Note that when defining the function, void traversal (treenode * cur, string path, vector < string > & result) defines the string path, which is copied and assigned every time. There is no need to use reference, otherwise the effect of backtracking cannot be achieved.
The logic of backtracking is hidden in traversal (cur - > left, path + "- >", result); Path + "- >" in.
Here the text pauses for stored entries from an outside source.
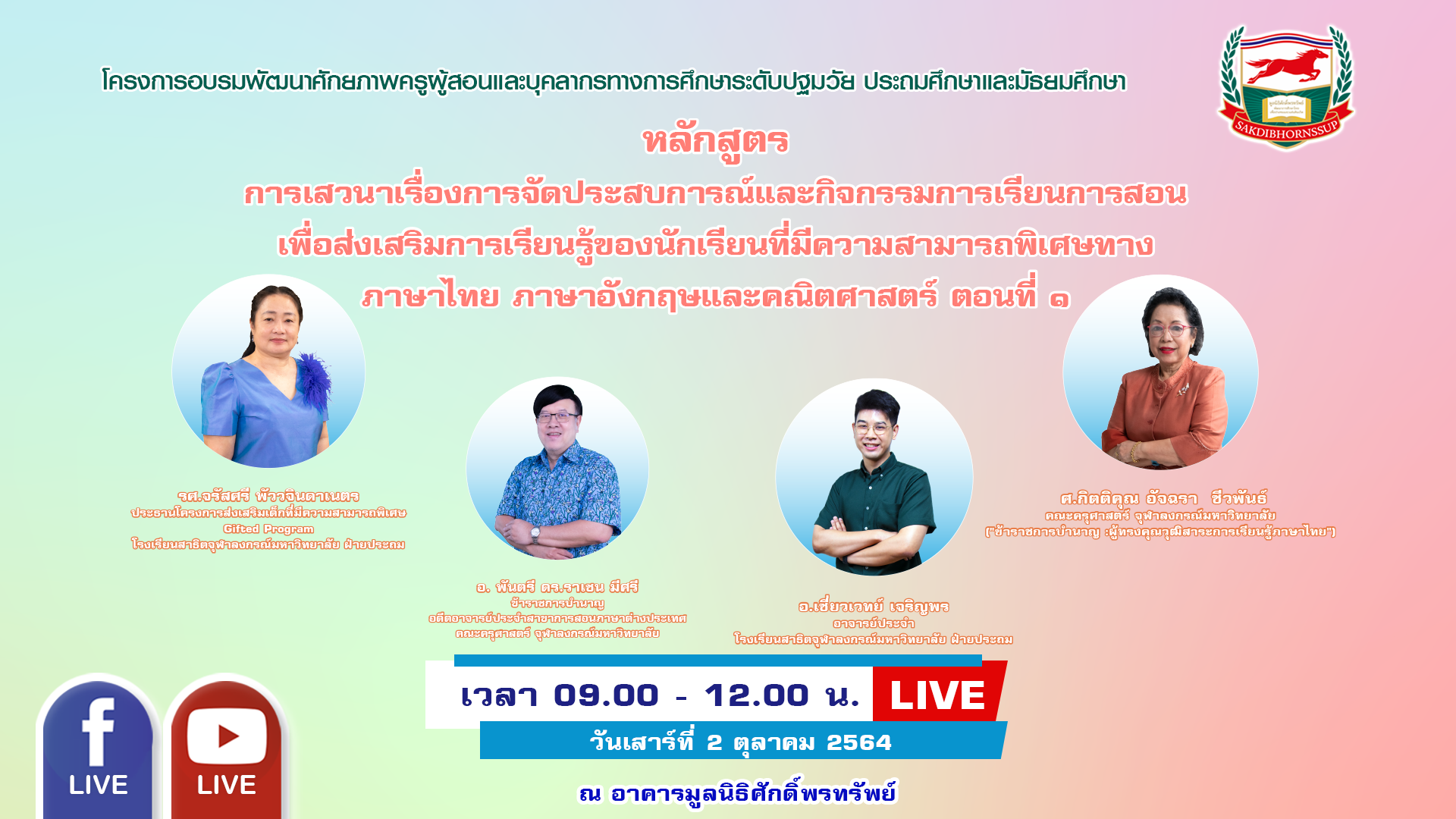 : การเสวนาเรื่องการจัดประสบการณ์และกิจกรรมการเรียนการสอนเพื่อส่งเสริมการเรียนรู้ของนักเรียนที่มีความสามารถพิเศษทางภาษาไทย ภาษาอังกฤษและคณิตศาสตร์ ตอนที่ ๑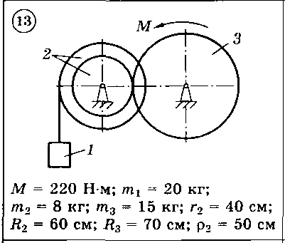 Для приведенных на схемах 1-30 механических систем, используя теорему об изменении кинетической энергии в дифференциальной форме, определить угловое ускорение (варианты 4, 6, 7, 9, 11, 18, 25, 26, 28) или линейное ускорение (остальные варианты) тела 1. Нити невесомы и нерастяжимы. Принятые обозначения: т — массы тел, R и r — радиусы, р — радиус инерции (если он не указан, тело считать однородным цилиндром); при наличии трения указываются f — коэффициент трения скольжения, fк — коэффициент трения качения.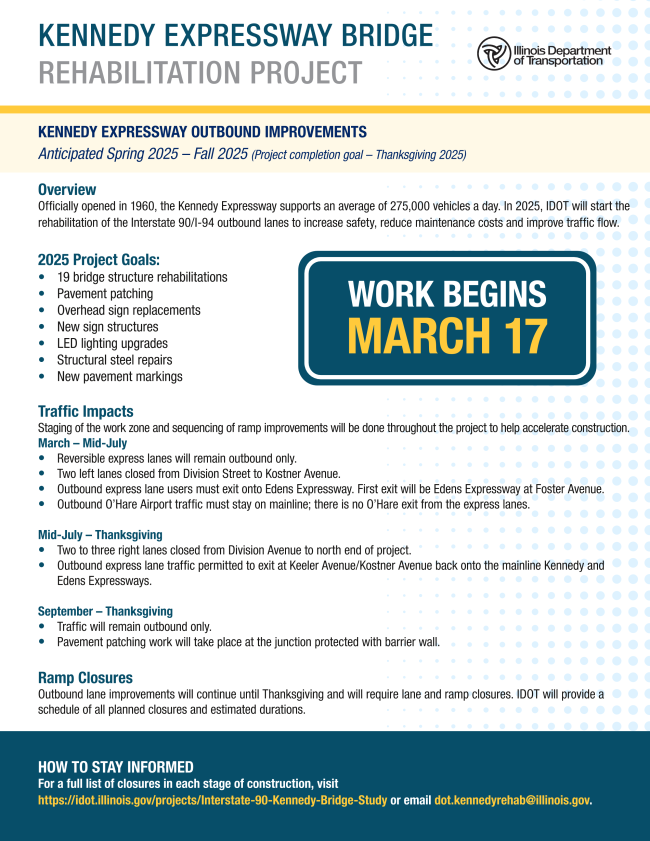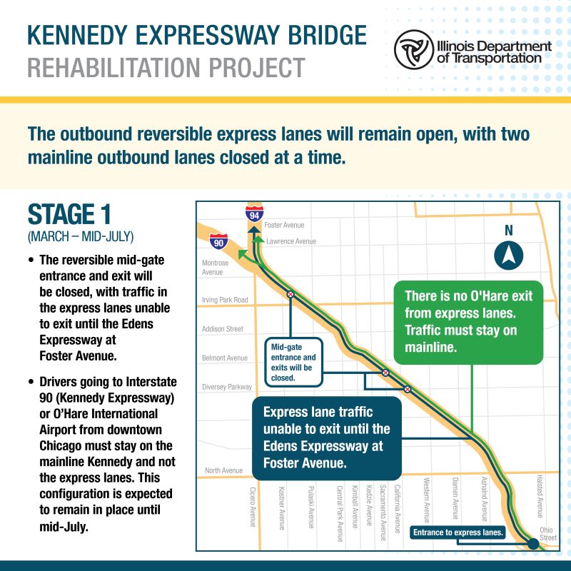 In 2023, IDOT began rehabilitating the Kennedy Expressway (Interstate 90/94), from the Edens Expressway (I-94) junction to Ohio Street.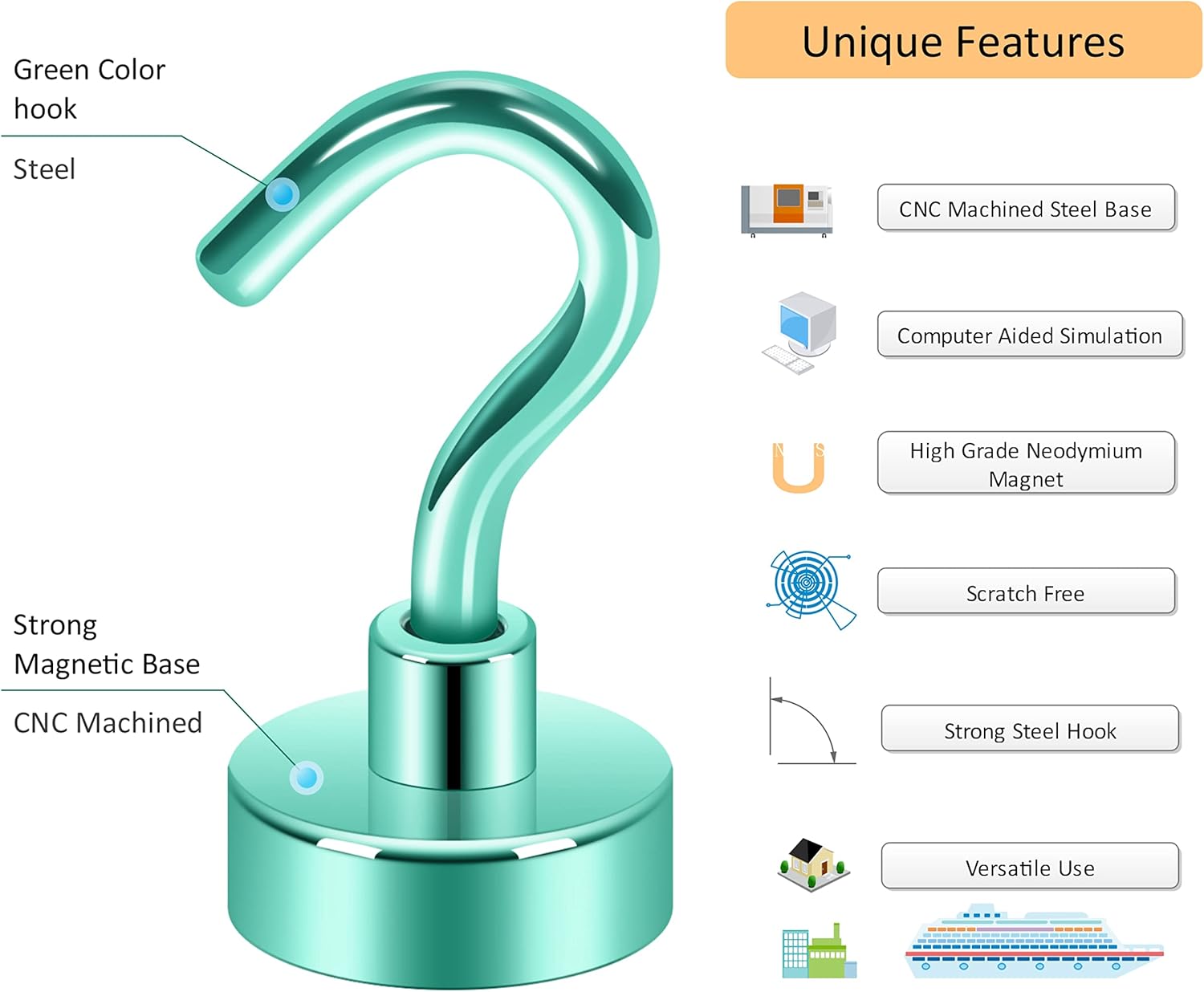 - ✔ VERSATILE USE- Neosmuk’s strong neodymium magnetic hooks were endowed with a strong capability for holding various items wherever there is iron or steel. This magnet hook is a perfect magnetic key holder. You can also hang your tools next to the toolbox with this magnetic hook. Our magnetic hooks are great for grill, pot, cup, utensils, and oven.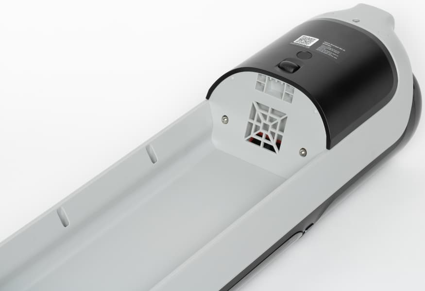 Блок управления размещается на D-образной рукоятке удлинительной ручки (ее после распаковки нужно «защелкнуть» на моторном блоке). Чтобы снять ручку, придется надавить на специальную утопленную кнопку (придется вооружиться небольшой отверткой или подобным устройством).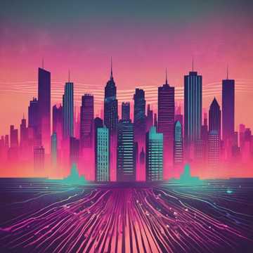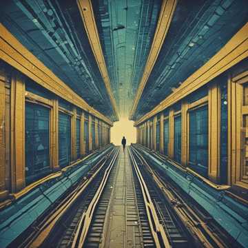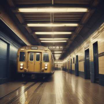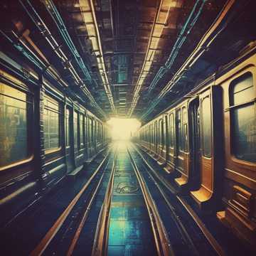 subway train rumble, mechanical sounds of machines, horns, noise of people's voices, music of the metropolis, rhythm, pressure, trumpet, drums, feeling of joy, freedom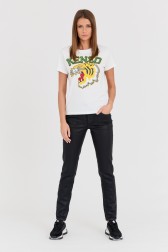 Czarne damskie skinny jeansy z połyskiem, marki JUST CAVALLI.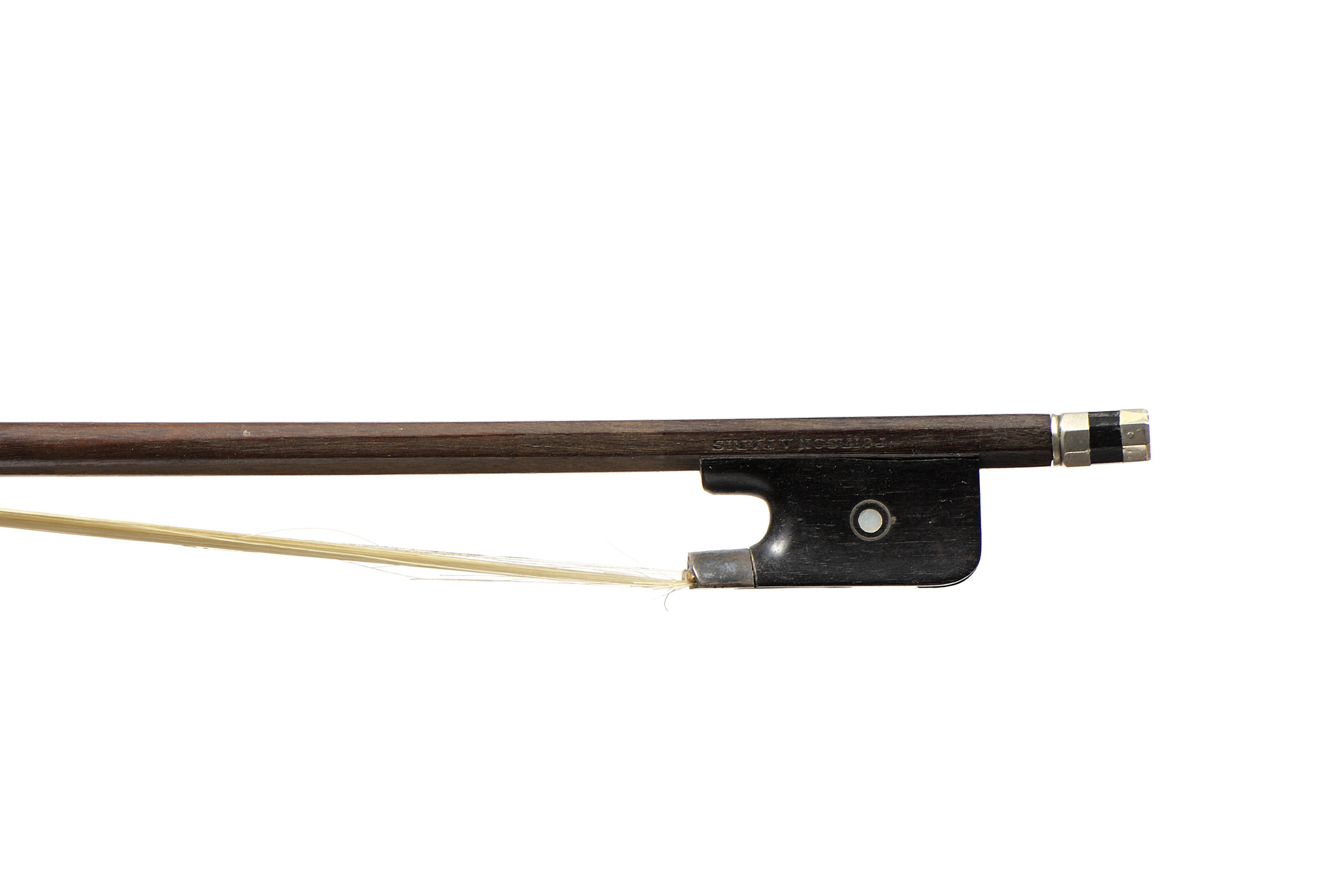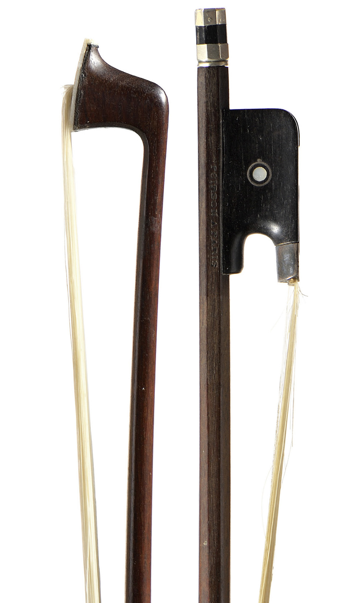 portant la marque au fer POIRSON A PARIS. Baguette en beau bois de pernambouc. Hausse ébène, monté argent. Bouton d'un autre auteur en maillechort. 729 mm. 59g sans garniture.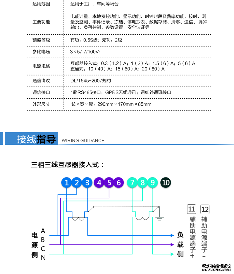 主要功能:有功,功率因素,有功功率,無功功能,四象限無功,電壓,電流,事件報警,費控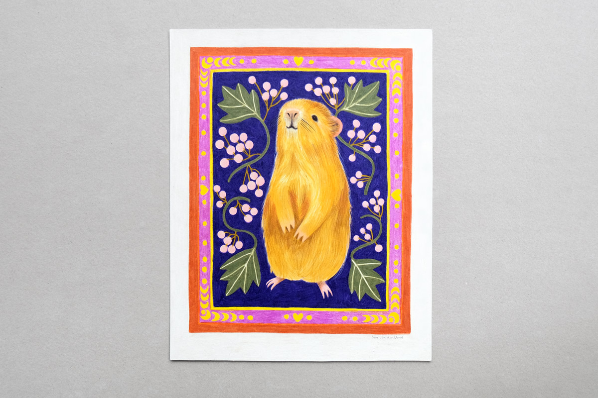 Originele illustratie geïllustreerd met kleurpotloden op 300 grams ongestreken, gebroken wit Munken papier van Arctic Paper. Het formaat is 28,3 x 35,8 cm.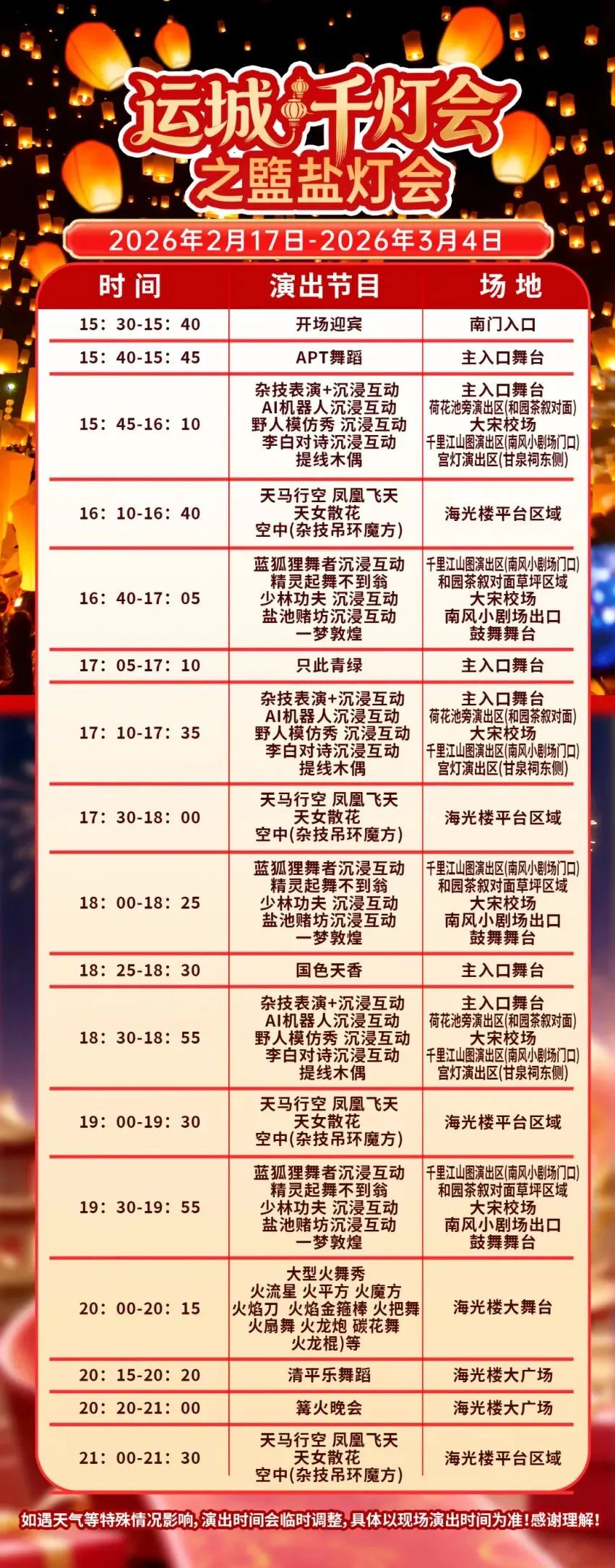 活动太丰富,生怕错过精彩瞬间?建议大家提前预览灯会节目单,合理规划时间。无论是震撼的空中杂技,还是唯美的天女散花,每一个节目都不容错过。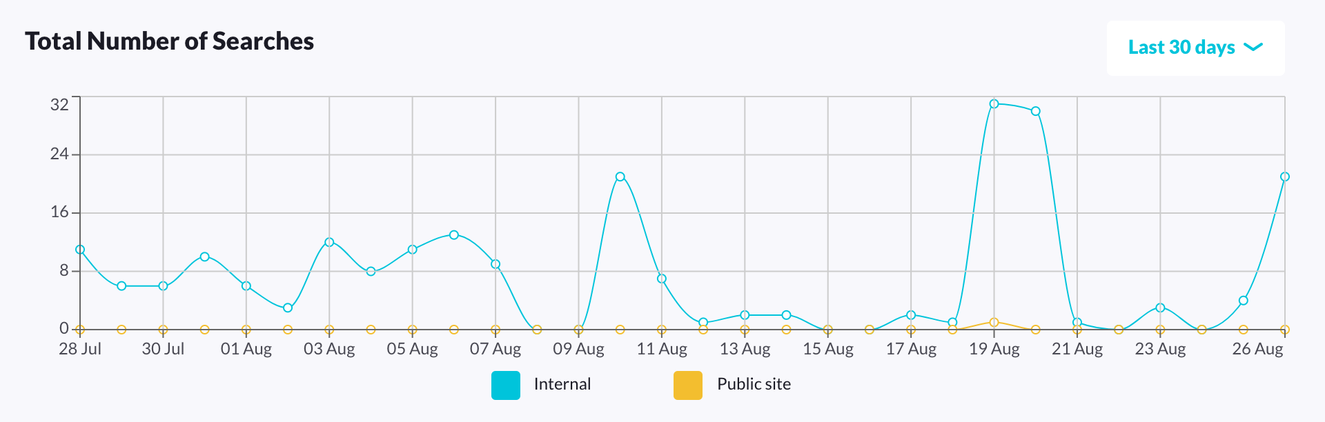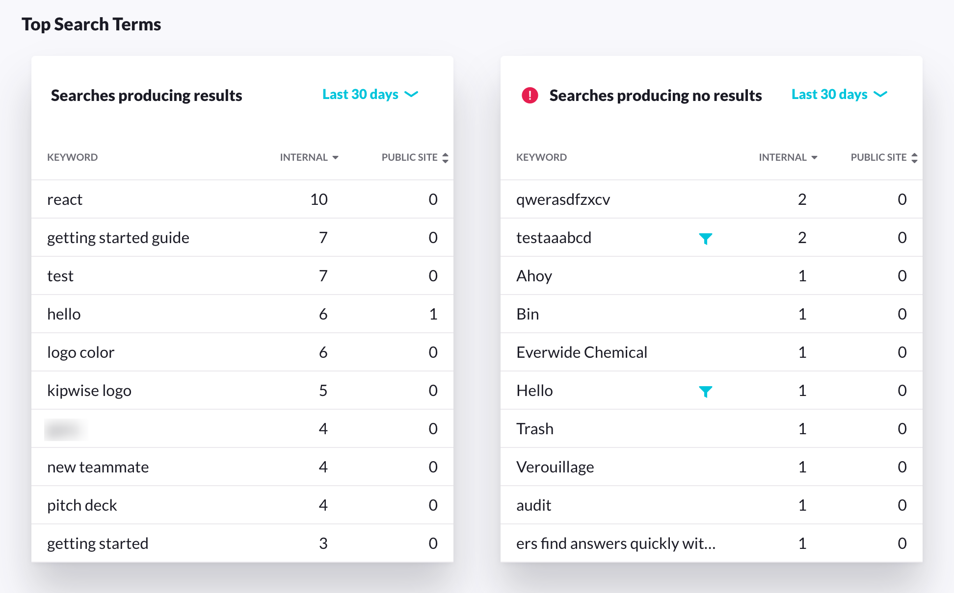 For example, on Kipwise, other than showing you the search healthiness (i.e. % of searches that have relevant results), you can also see the top search terms that produce results vs. no results.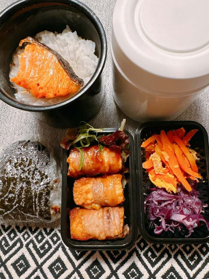 さらに、筒状の弁当箱には、白米が敷き詰められ、しっかりと焼かれたさけの切り身が乗っていて、「寒いから温かいスープもどうぞ♡」と寒い季節にうれしいスープも用意されています。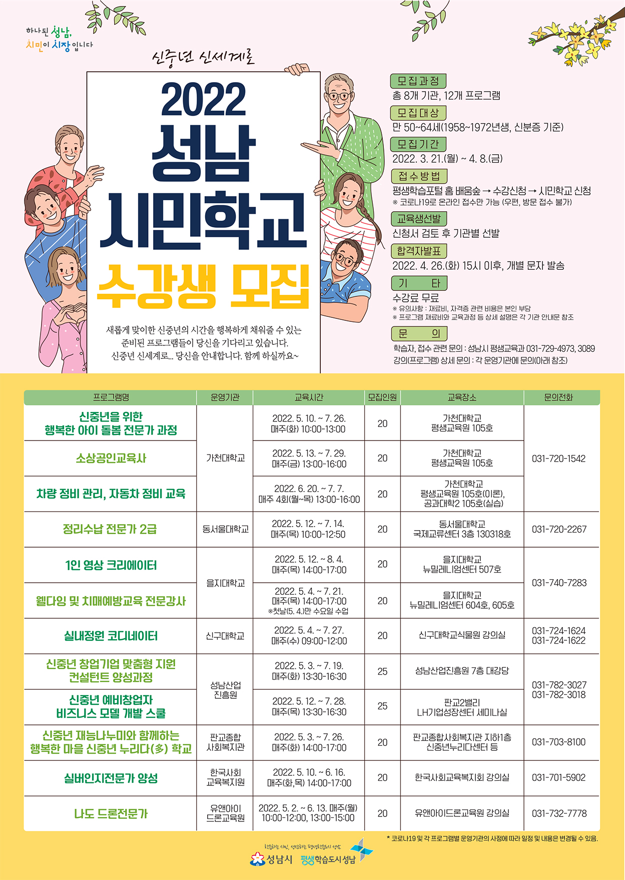 fnctId=bbs,fnctNo=1179 글번호 73307 2022 성남시민학교 수강생 모집 수정일 2022.04.05 작성자 평생교육원(G) 관리자 조회수 2028 등록일 2022.04.05 * 성남시민학교 모집 url : https://learning.seongnam.go.kr/index.do * 관련 문의 : 031-750-5038 첨부파일 (홍보 포스터)2022년 성남시민학교 수강생 모집[8293].jpg 미리보기
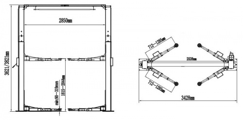Ширина подъемника 3428 мм
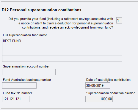 Item D12 - Personal Superannuation Contributions

After each function call, the path is still not added with "- >", which is backtracking.
The second recursive code is concise, but it hides many important points in the code details.
Although the first recursive writing method has more code, it shows every logical processing completely.
2. Iteration
The iterative method of preorder traversal is used to simulate the process of traversing the path.
In addition to simulating recursion, we need a stack to store the corresponding traversal path.
class Solution {
public:
vector<string> binaryTreePaths(TreeNode* root) {
stack<TreeNode*> treeSt;// Save traversal nodes of the tree
stack<string> pathSt; // Save nodes traversing the path
vector<string> result; // Save final path collection
if (root == NULL) return result;
treeSt.push(root);
pathSt.push(to_string(root->val));
while (!treeSt.empty()) {
TreeNode* node = treeSt.top(); treeSt.pop(); // Remove from node
string path = pathSt.top();pathSt.pop(); // Take out the path corresponding to the node
if (node->left == NULL && node->right == NULL) { // Leaf node encountered
result.push_back(path);
}
if (node->right) { // right
treeSt.push(node->right);
pathSt.push(path + "->" + to_string(node->right->val));
}
if (node->left) { // Left
treeSt.push(node->left);
pathSt.push(path + "->" + to_string(node->left->val));
}
}
return result;
}
};
In java, you can directly define a stack whose member variable is object stack = new stack < > ();
In this way, you don't need to define two stacks. You can put them in one stack.